Attention: John Hodgin

Lily Dang

Jenifer Gallagher

Anuja A. Majmudar

Kevin Dougherty

 

Re:

Flame Acquisition Corp.

 

Amendment No. 2 to Preliminary Proxy Statement on Schedule 14A

 

Filed January 27, 2023

 

File No. 001-40111

To the addressees set forth above:

This letter sets forth the response of Flame Acquisition Corp. (the “Company,” “we,” “our” and “us”) to the comments provided by the staff (the “Staff”) of the Division of Corporation Finance of the Securities and Exchange Commission (the “Commission”) in its letter dated February 13, 2023 (the “Comment Letter”) with respect to Amendment No. 2 to the Company’s preliminary proxy statement on Schedule 14A filed with the Commission on January 27, 2023 (the “Preliminary Proxy”). Concurrently with the submission of this letter, we are filing an amendment to the Preliminary Proxy (“Amendment No. 3”) with the Commission through its EDGAR system.

For your convenience, we have reproduced the Staff’s comments exactly as set forth in the Comment Letter in bold and italics below, and set forth below each such comment is the Company’s response. Page numbers and captions referenced in the responses refer to Amendment No. 3 unless otherwise stated. Capitalized terms used but not otherwise defined herein have the meanings ascribed to such terms in Amendment No. 3.
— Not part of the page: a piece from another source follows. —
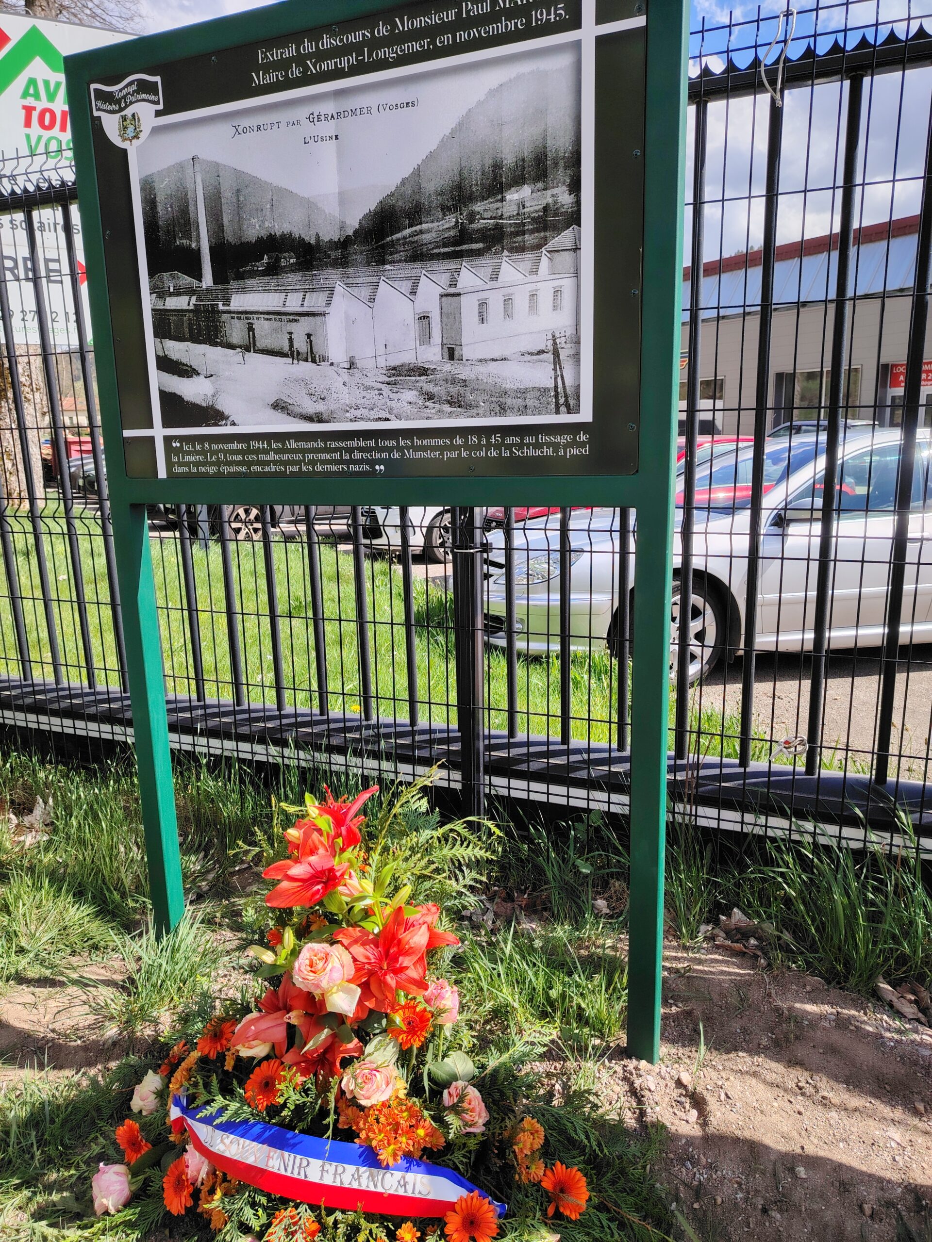 Une opération qui fait suite à un travail de l’école des 2 lacs de Xonrupt et plus précisément des élèves de CM1-CM2 de Valérie Surel, dans le cadre du programme scolaire annuel sur la Seconde Guerre mondiale. Travail qui a été effectué en partenariat avec l’association Xonrupt Histoire et Patrimoine qui a financé la plaque en question qui représente notamment l’usine telle qu’elle était à l’époque, le tout accompagné d’un petit texte explicatif. Situé route de Colmar, le bâtiment appartient actuellement à M. Harras qui a été remercié pour avoir accepté que cette plaque commémorative soit installée par les services de la commune.

Amendment No. 2 to Preliminary Proxy Statement on Schedule 14A filed January 27, 2023

Proposal No. 1-The Business Combination Proposal

Background of the Business Combination

Background of Flame and Sable Negotiations, page 168

 

1.

We have read your response to prior comment 1 and note your revision to include the definition of “Reserves” consistent with Rule 4-10(a)(26) of Regulation S-X in the Glossary on page 8. However, we are unable to locate a similar revision to the disclosure now provided on page 170 and note you continue to disclose the SPE PRMS definition of “Reserves.” We reissue our prior comment.

Response: The Company acknowledges the Staff’s comment and has revised the disclosure on page 177 of Amendment No. 3.

 

2.

We note disclosure on pages 176 and 177 indicating that Petrie Partners, among other things, utilized certain estimates that included volumes of contingent resources prepared by NSAI and estimates of both proved and unproved reserves prepared by Sable management in rendering its opinions and performing its related financial analyses. Please expand your disclosure to explain why Sable management believes it was appropriate to represent to Petrie Partners that the Sable Assets contained proved and unproved reserves as of December 31, 2021.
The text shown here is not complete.